■ WHAT IS REQUIRED:
Transcribe this listing exactly; omit the pictures.

▼

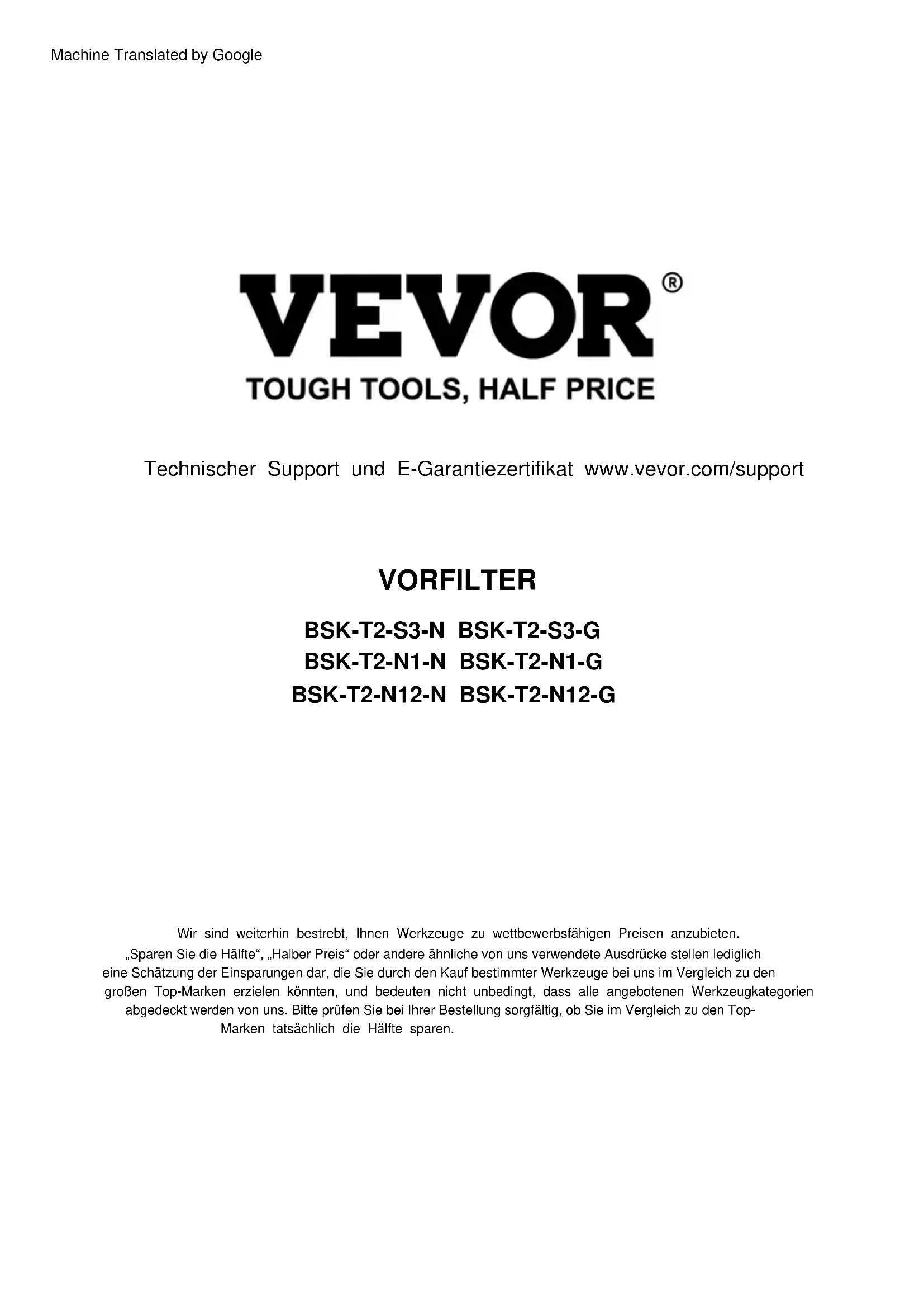 Wir sind weiterhin bestrebt, Ihnen Werkzeuge zu wettbewerbsfähigen Preisen anzubieten. „Sparen Sie die Hälfte“, „Halber Preis“ oder andere ähnliche von uns verwendete Ausdrücke stellen lediglich eine Schätzung der Einsparungen dar, die Sie durch den Kauf bestimmter Werkzeuge bei uns im Vergleich zu den großen Top-Marken erzielen könnten, und bedeuten nicht unbedingt, dass alle angebotenen Werkzeugkategorien abgedeckt werden von uns. Bitte prüfen Sie bei Ihrer Bestellung sorgfältig, ob Sie im Vergleich zu den Top- Marken tatsächlich die Hälfte sparen. VORFILTER Technischer Support und E-Garantiezertifikat www.vevor.com/support Machine Translated by GoogleDies ist die Originalanleitung. Bitte lesen Sie alle Bedienungsanleitungen sorgfältig durch, bevor Sie das Gerät in Betrieb nehmen. VEVOR behält sich eine klare Auslegung unserer Bedienungsanleitung vor. Das Aussehen des Produkts hängt von dem Produkt ab, das Sie erhalten haben. Bitte entschuldigen Sie, dass wir Sie nicht erneut informieren, wenn es zu unserem Produkt technische oder Software-Updates gibt. Haben Sie Fragen zum Produkt? Benötigen Sie technische Unterstützung? Bitte kontaktieren Sie uns: Technischer Support und E-Garantiezertifikat www.vevor.com/ support
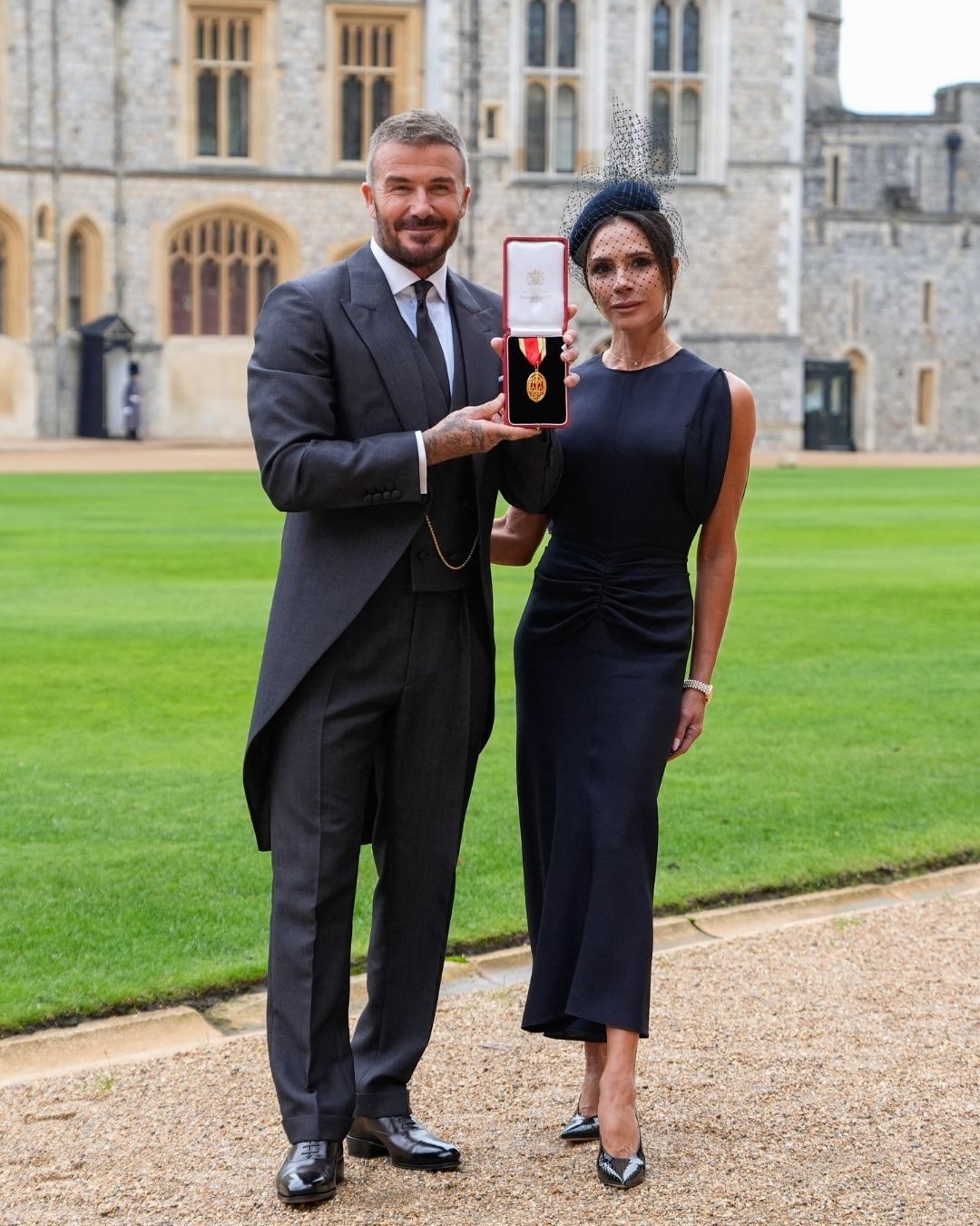 Da prihvati priznanje, Sir David je odabrao trodijelni morning suit od britanskog mohera – prvi takav komad iz Victorijinog ateljea. Iako trenutak nije bio direktno o njoj, Lady Beckham je davno savladala umjetnost kako da svaku priliku iskoristi i za sebe. Victoria je zablistala u custom navy Bela haljini, dajući svijetu uvid u svoj dizajnerski talenat i kreativnost.
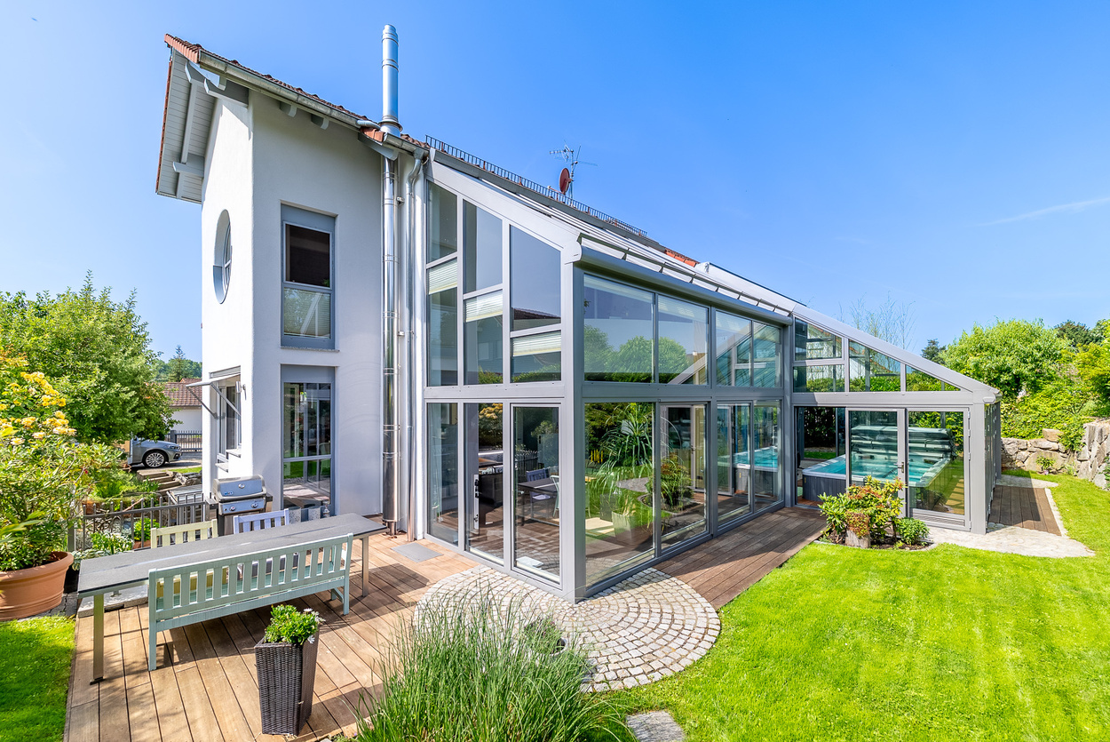 Exklusives Wohnerlebnis: Einfamilienhaus mit Einliegerwohnung und beeindruckendem Wintergarten mit Pool!
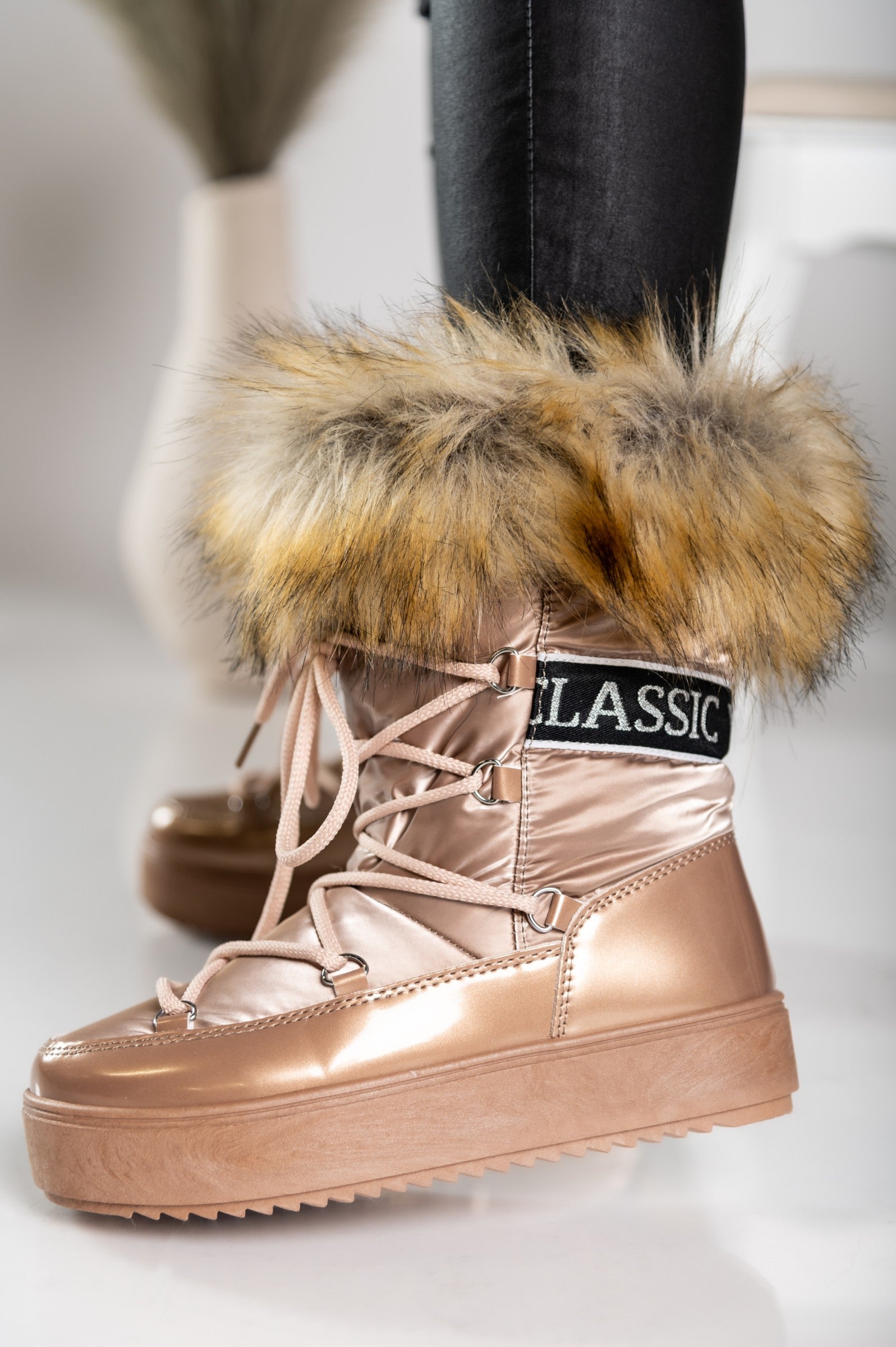 Stivaletti con strisce decorative, beige
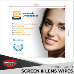 Custom printed with your logo design. This share card inserted in a nice clear pvc clear wallet with a high quality Microfibre screen and lens cleaning cloth in a clear PVC wallet comes branded full colour with your design, logo and contact details.This another perfect promotion for your Orthodontist practice.
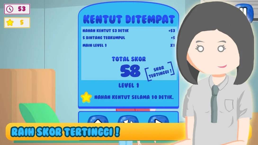 - Nahan kentut selama mungkin, semakin lama menahan kentut semakin banyak skor diperoleh. Juga membuktikan anda jago menahan kentut di kehidupan anda.
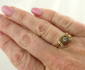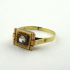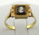 Československo 1929 - 1949. Čtrnáctikarátové zlato, syntetický leukosafír. Období a styl: art deco. Ryzost Au 585/1000, celková hmotnost 2,11 g. Velikost 59. Prsten ze čtrnáctikarátového bílého zlata s centrálním syntetickým leukosafírem zasazeným ve vyvýšené hraněné korunce. Prsten lze použít i jako zásnubní. Značeno: československý punc lvíček, ryzost 585 a mistrovská značka.
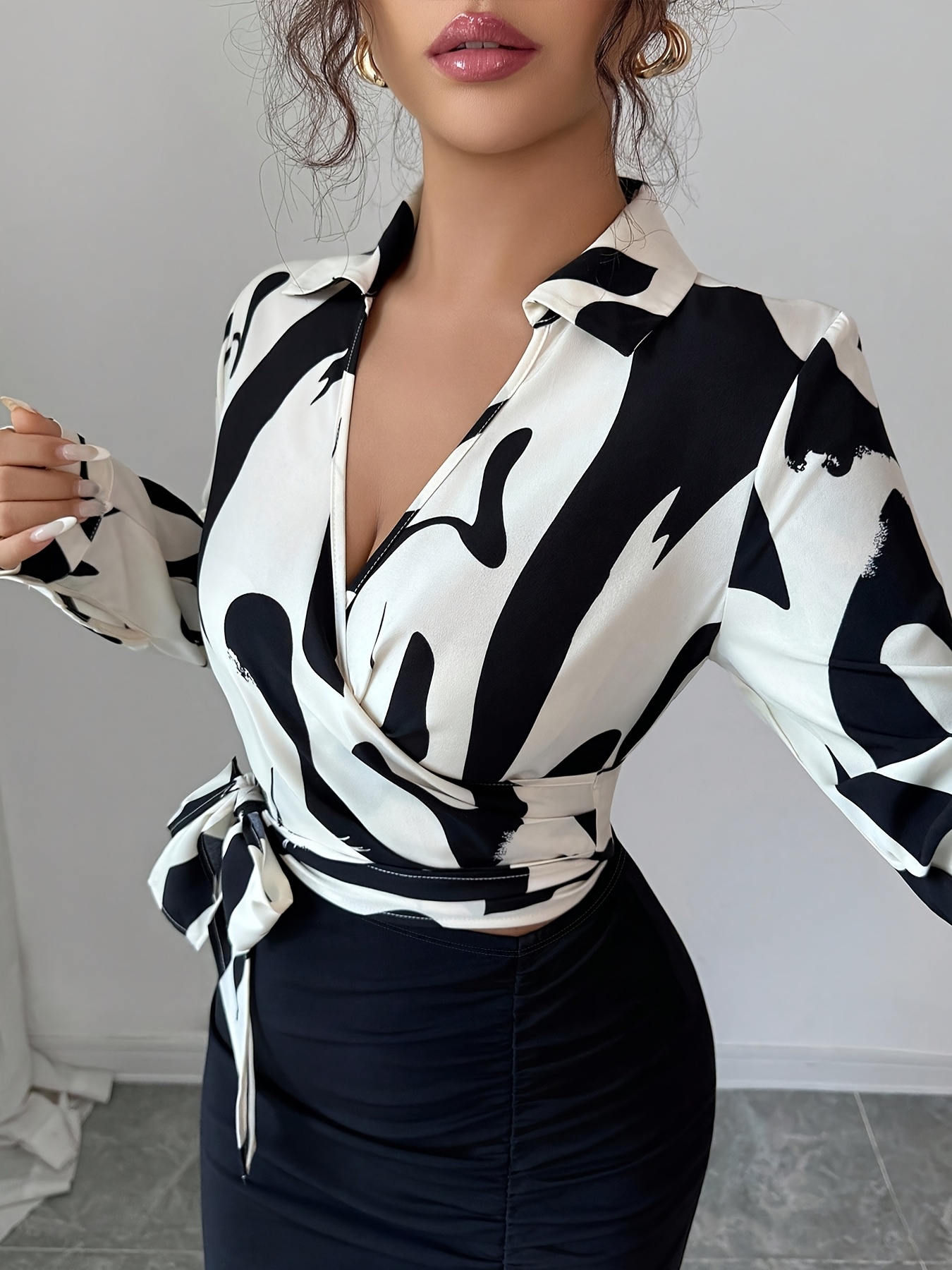 - بلوزة أنيقة وعملية: تأتي البلوزة بأكمام طويلة وتصميم مزرّر وياقة لابل كلاسيكية، لتوفير إطلالة أنيقة ومريحة في آن واحد.
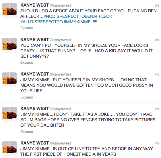 Kanye began his twitter attack on Kimmel by telling Kimmel that he was out of line spoofing the “first piece of honest media in years”. The tweets continued to get incredibly bizarre till Kanye was openly hurling abuses at Kimmel.

▲

■ OUTPUT:
 Wir sind weiterhin bestrebt, Ihnen Werkzeuge zu wettbewerbsfähigen Preisen anzubieten. „Sparen Sie die Hälfte“, „Halber Preis“ oder andere ähnliche von uns verwendete Ausdrücke stellen lediglich eine Schätzung der Einsparungen dar, die Sie durch den Kauf bestimmter Werkzeuge bei uns im Vergleich zu den großen Top-Marken erzielen könnten, und bedeuten nicht unbedingt, dass alle angebotenen Werkzeugkategorien abgedeckt werden von uns. Bitte prüfen Sie bei Ihrer Bestellung sorgfältig, ob Sie im Vergleich zu den Top- Marken tatsächlich die Hälfte sparen. VORFILTER Technischer Support und E-Garantiezertifikat www.vevor.com/support Machine Translated by GoogleDies ist die Originalanleitung. Bitte lesen Sie alle Bedienungsanleitungen sorgfältig durch, bevor Sie das Gerät in Betrieb nehmen. VEVOR behält sich eine klare Auslegung unserer Bedienungsanleitung vor. Das Aussehen des Produkts hängt von dem Produkt ab, das Sie erhalten haben. Bitte entschuldigen Sie, dass wir Sie nicht erneut informieren, wenn es zu unserem Produkt technische oder Software-Updates gibt. Haben Sie Fragen zum Produkt? Benötigen Sie technische Unterstützung? Bitte kontaktieren Sie uns: Technischer Support und E-Garantiezertifikat www.vevor.com/ support
 Da prihvati priznanje, Sir David je odabrao trodijelni morning suit od britanskog mohera – prvi takav komad iz Victorijinog ateljea. Iako trenutak nije bio direktno o njoj, Lady Beckham je davno savladala umjetnost kako da svaku priliku iskoristi i za sebe. Victoria je zablistala u custom navy Bela haljini, dajući svijetu uvid u svoj dizajnerski talenat i kreativnost.
 Exklusives Wohnerlebnis: Einfamilienhaus mit Einliegerwohnung und beeindruckendem Wintergarten mit Pool!
 Stivaletti con strisce decorative, beige
 Custom printed with your logo design. This share card inserted in a nice clear pvc clear wallet with a high quality Microfibre screen and lens cleaning cloth in a clear PVC wallet comes branded full colour with your design, logo and contact details.This another perfect promotion for your Orthodontist practice.
 - Nahan kentut selama mungkin, semakin lama menahan kentut semakin banyak skor diperoleh. Juga membuktikan anda jago menahan kentut di kehidupan anda.
 Československo 1929 - 1949. Čtrnáctikarátové zlato, syntetický leukosafír. Období a styl: art deco. Ryzost Au 585/1000, celková hmotnost 2,11 g. Velikost 59. Prsten ze čtrnáctikarátového bílého zlata s centrálním syntetickým leukosafírem zasazeným ve vyvýšené hraněné korunce. Prsten lze použít i jako zásnubní. Značeno: československý punc lvíček, ryzost 585 a mistrovská značka.
 - بلوزة أنيقة وعملية: تأتي البلوزة بأكمام طويلة وتصميم مزرّر وياقة لابل كلاسيكية، لتوفير إطلالة أنيقة ومريحة في آن واحد.
 Kanye began his twitter attack on Kimmel by telling Kimmel that he was out of line spoofing the “first piece of honest media in years”. The tweets continued to get incredibly bizarre till Kanye was openly hurling abuses at Kimmel.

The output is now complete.